3. Mientras estaba haciendo una de las largas colas en los primeros días después de la inauguración del Museo Guggenheim de Bilbao, la chica que me antecedía contaba que su marido, arquitecto catalán al que le guardaba la vez y le dispensaba de tan tedioso trámite, no paraba de hacer fotos al edificio. Al fin apareció el susodicho, radiante de felicidad por los logros de su empresa ¡Ya verás que fotos!, ¡ya verás que fotos!, le decía a su mujer para amortizar su trabajo en el cola. Todas como un Kandinsky –pensé para mí por lo bajo–, porque es imposible que salga mal una foto de ese edificio: todas, absolutamente todas las fotos que le haya hecho serán sin duda estupendas pinturas abstractas de líneas inverosímiles y caprichosas, si bien un poco desvaídas de color.
Si los nuevos museos o los edificios emblemáticos se construyen para atraer a los turistas, y los turistas siempre llevan una cámara de fotos colgada al cuello, el Guggenheim es el campeón de todos los edificios insignes del mundo porque ha conseguido que todas las fotos de los pésimos fotógrafos que son los turistas salgan redondas.
Claro que a tan prometedor cielo fotográfico, los organizadores le han puesto un límite increíblemente irritante: en el interior, igual de fotogénico que el exterior, no te dejan hacer fotos.
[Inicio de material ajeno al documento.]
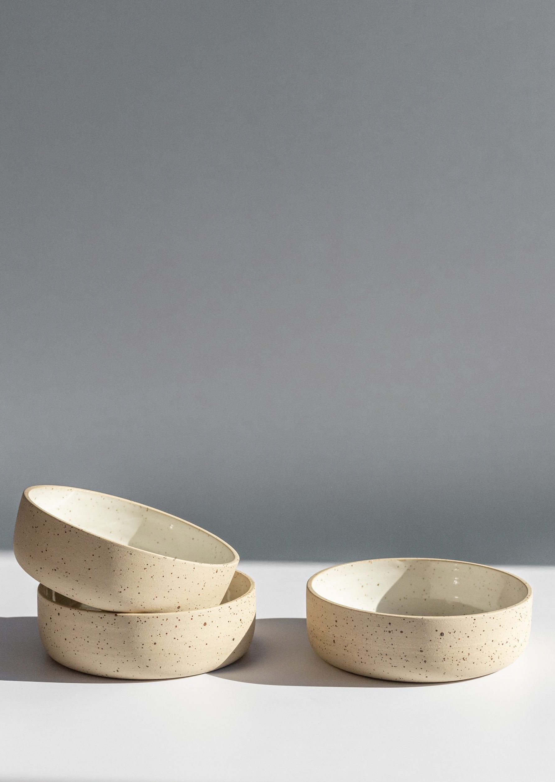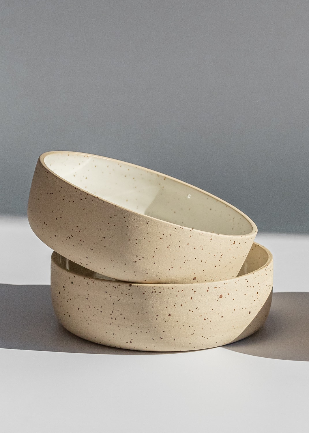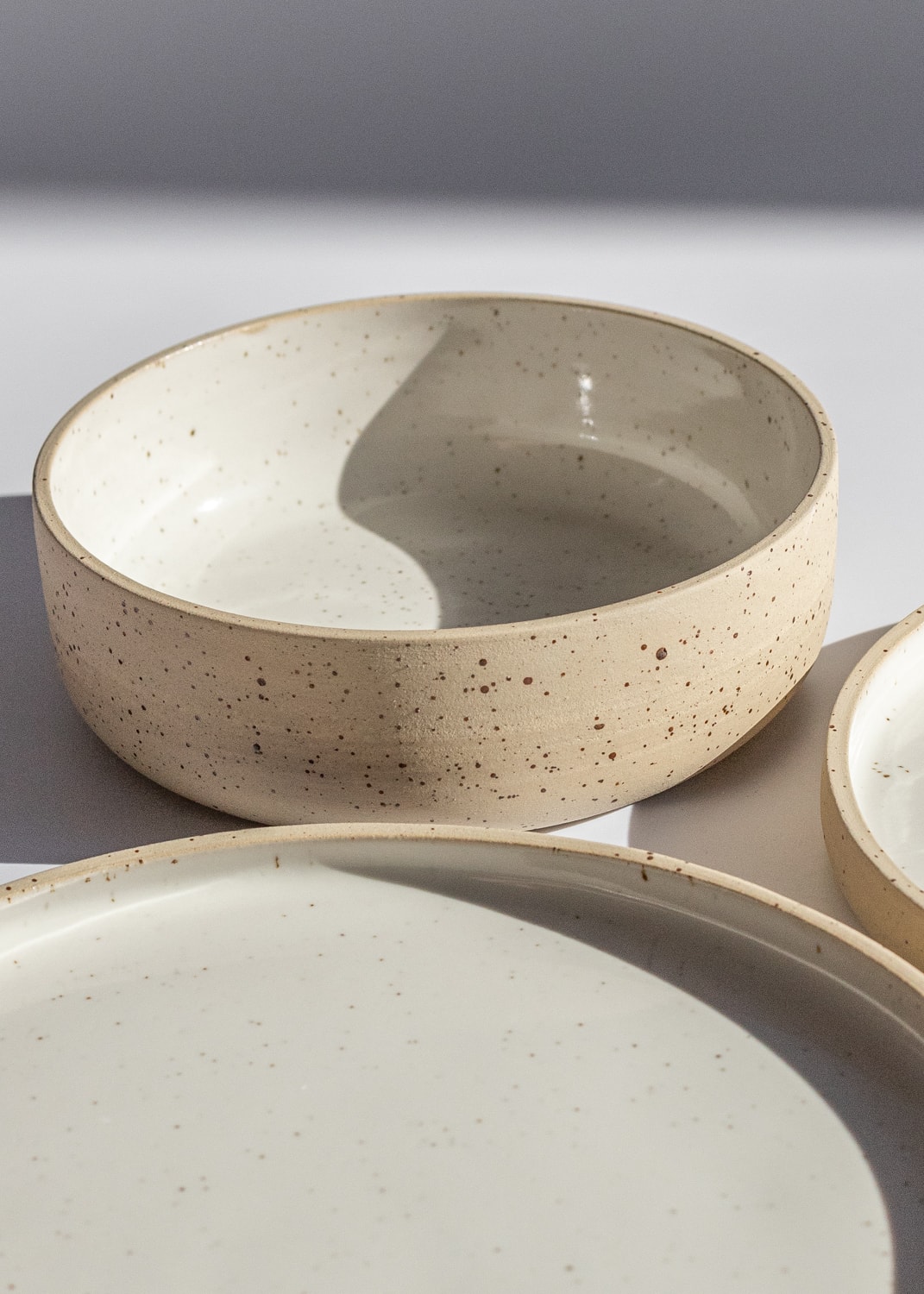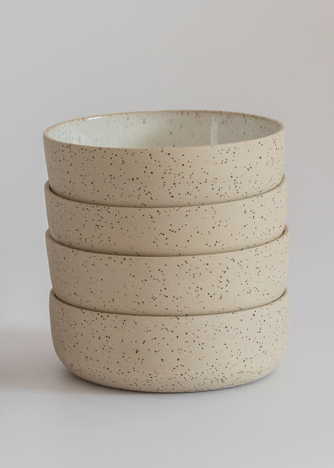 Stoneware bowl made of speckled clay. Inside covered with white glossy glaze.

El pobre marido, arquitecto y fotógrafo, que se había reservado un par de carretes para el interior se quedó helado cuando le pidieron que entregara la cámara en la consigna.
La prohibición me pareció de una extrema crueldad y me dije para mis adentros que los turistas, cuando se organicen un poco, deberían boicotear las visitas a los edificios en los que no les dejan hacer fotos. Es vergonzoso que en estos tiempos se le fuerce a nadie a guardar imágenes en la memoria.

Mi experiencia de Atenas fue voluntaria, y precisa de una decisión que sólo el valor o la inconsciencia de la juventud suministran. Condenar a los turistas a no poder hacer fotos es privarles sádicamente de la experiencia de la consagración, de la técnica de la eternidad. De alguna manera, es como impedirles el acceso a Dios.
Así que pienso ahora, a la vista de todo ello, si mi viaje de juventud a Grecia no fue sino una primera experiencia de ateísmo.